[WORK REQUIRED]:
The expected output is an exact copy of each line from the line with "Ripple (XRP) was" through the end of the data below, with no pictures in it.

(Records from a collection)

▼

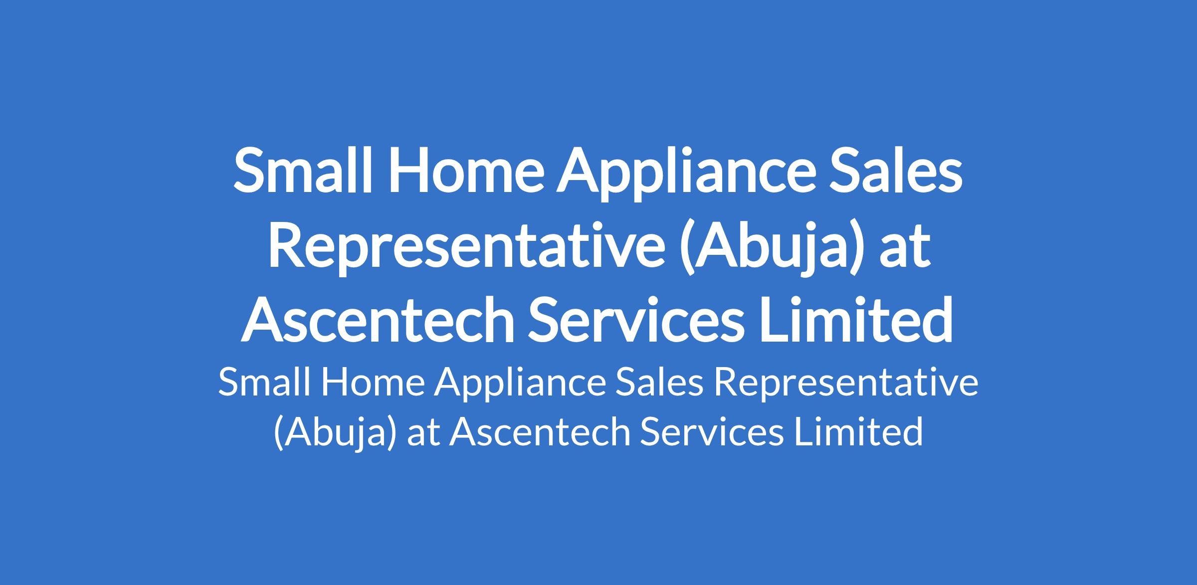 Ascentech Services Limited is recruiting to fill the position of: Small Home Appliance Sales Representative. The position is located in Abuja (FCT). Interested candidates should possess an OND/HND/BSc in a relevant field with 13 years of sales experience (preferably in home appliances or consumer goods).
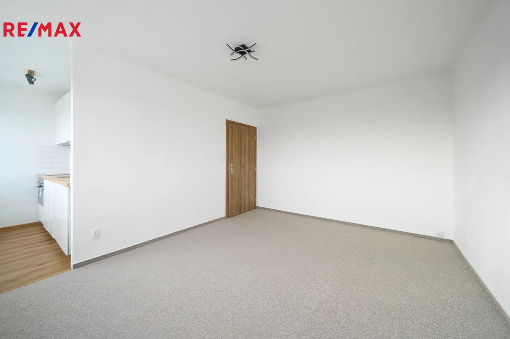 Dispozice bytu zahrnuje pokoj s kuchyňským koutem, koupelnu se sprchovým koutem a toaletou, předsíň a sklepní kóji. Kuchyňský kout je vybaven moderní kuchyňskou linkou se zabudovanými spotřebiči: elektrická trouba s mikrovlnnou funkcí, indukční varná deska, lednice s mrazákem a myčka nádobí.
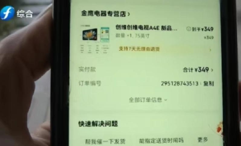 349元买75寸电视,商家说标错价不发货,刘女士到底该不该拿这单? 杭州刘女士
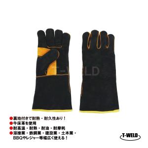 溶接 鉄鋼 建設 耐熱 作業用 牛革素材 5本指 ロング 手袋 長さ L:50cm 厚い手袋裏地付 黒色 サンプル 1双 BBQ
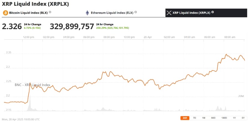 Ripple (XRP) was trading at around $2.32 at press time. Source: XRP Liquid Index (XRPLX) via Brave New Coin
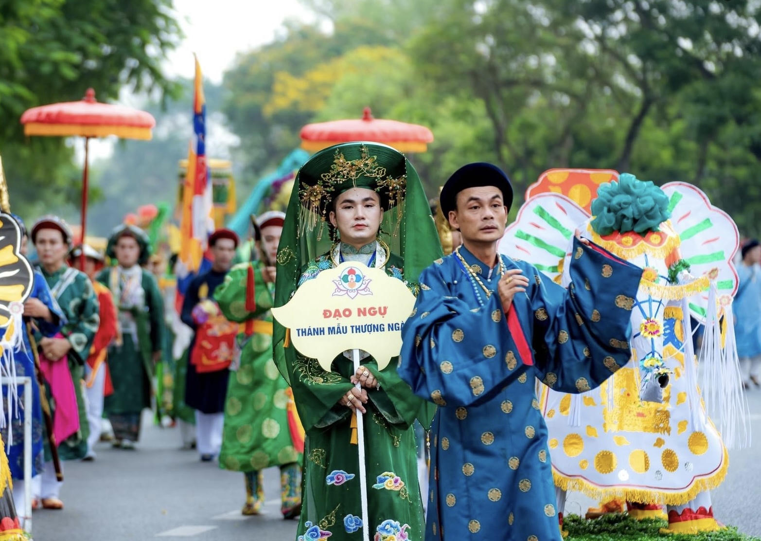 Đoàn rước hàng trăm người tái hiện nét văn hóa truyền thống tín ngưỡng độc đáo, phô diễn đa dạng trang phục cổ xưa đầy sắc màu kết hợp với các hình thức diễn xướng, vũ điệu đặc trưng của tín ngưỡng thờ Mẫu.

▲

[RESPONSE TO THE EXERCISE]:
 Ripple (XRP) was trading at around $2.32 at press time. Source: XRP Liquid Index (XRPLX) via Brave New Coin
 Đoàn rước hàng trăm người tái hiện nét văn hóa truyền thống tín ngưỡng độc đáo, phô diễn đa dạng trang phục cổ xưa đầy sắc màu kết hợp với các hình thức diễn xướng, vũ điệu đặc trưng của tín ngưỡng thờ Mẫu.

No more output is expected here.